─── SOURCE RECORDS

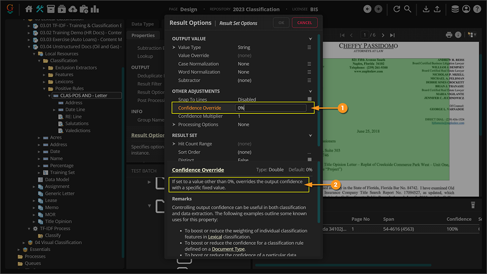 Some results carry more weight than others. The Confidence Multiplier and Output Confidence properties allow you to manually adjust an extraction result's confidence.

──────
─── SOURCE RECORDS

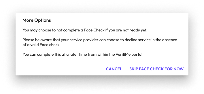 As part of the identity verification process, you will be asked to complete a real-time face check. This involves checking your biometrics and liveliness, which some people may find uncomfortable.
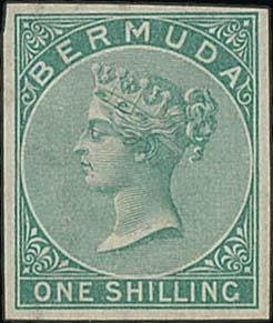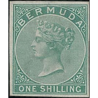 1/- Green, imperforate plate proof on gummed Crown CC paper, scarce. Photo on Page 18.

──────
─── SOURCE RECORDS

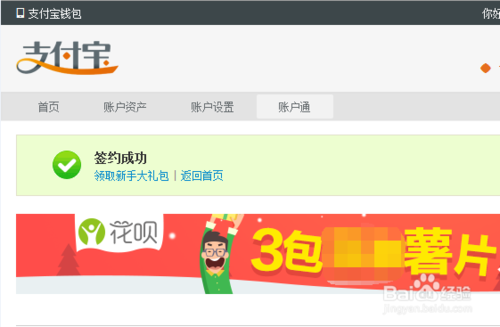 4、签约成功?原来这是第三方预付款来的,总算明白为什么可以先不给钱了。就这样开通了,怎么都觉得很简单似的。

──────

__PROBLEM TO WORK ON__
To complete this exercise, transcribe exactly the lines above from the one that holds "As part of the" through the one that holds "1/- Green, imperforate". Pictures stay out.

__SOLUTION__
 As part of the identity verification process, you will be asked to complete a real-time face check. This involves checking your biometrics and liveliness, which some people may find uncomfortable.
 1/- Green, imperforate plate proof on gummed Crown CC paper, scarce. Photo on Page 18.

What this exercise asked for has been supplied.